If the gate fails, the CI job fails. If it fails because case 47 specifically regressed, the engineer looking at the failure clicks through to case 47 in Studio and sees the full summarization run next to the grader’s verdict. No eval-specific tooling required.

The tradeoff

Treating evals as runs means eval runs show up in your run counts, your run costs, and your run metrics. A team that runs a five-thousand-case eval every commit will see a corresponding bump in their Parquet archive and their LLM spend line. Evals cost money. The platform makes that explicit.

The alternative — hiding eval runs in a separate system — hides the cost too. We would rather the cost be visible and manageable than invisible and creeping.

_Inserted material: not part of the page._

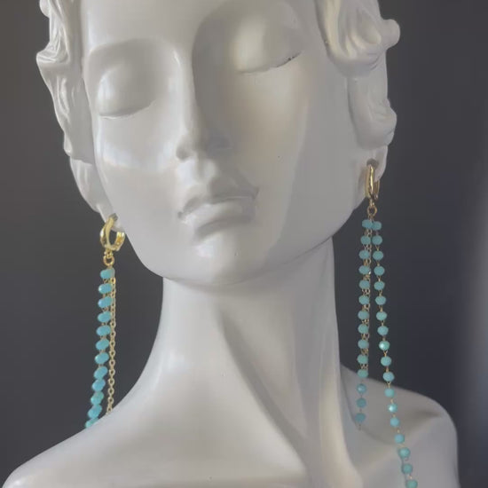 Make a bold yet elegant statement with these gold long drop earrings featuring delicate turquoise blue beads. Each pair is handcrafted with attention to detail, combining lightweight comfort with vibrant color and movement. The gold-plated hoops and cascading dual-chain design create a modern, eye-catching look perfect for both day and night.

If eval spend dominates production spend, the team can see that directly in a DuckDB query and adjust.

Why this matters

Evals and production runs solve the same problem from two sides: how do we know the system is doing the right thing? If the two live in different worlds, you end up maintaining parallel understandings — “it passes eval in CI but behaves differently in prod” becomes a common phrase. Putting them in the same world, with the same durability and observability guarantees, removes that class of mismatch.

Every eval is a run. Every run is auditable. The symmetry is what makes the feedback loop trustworthy.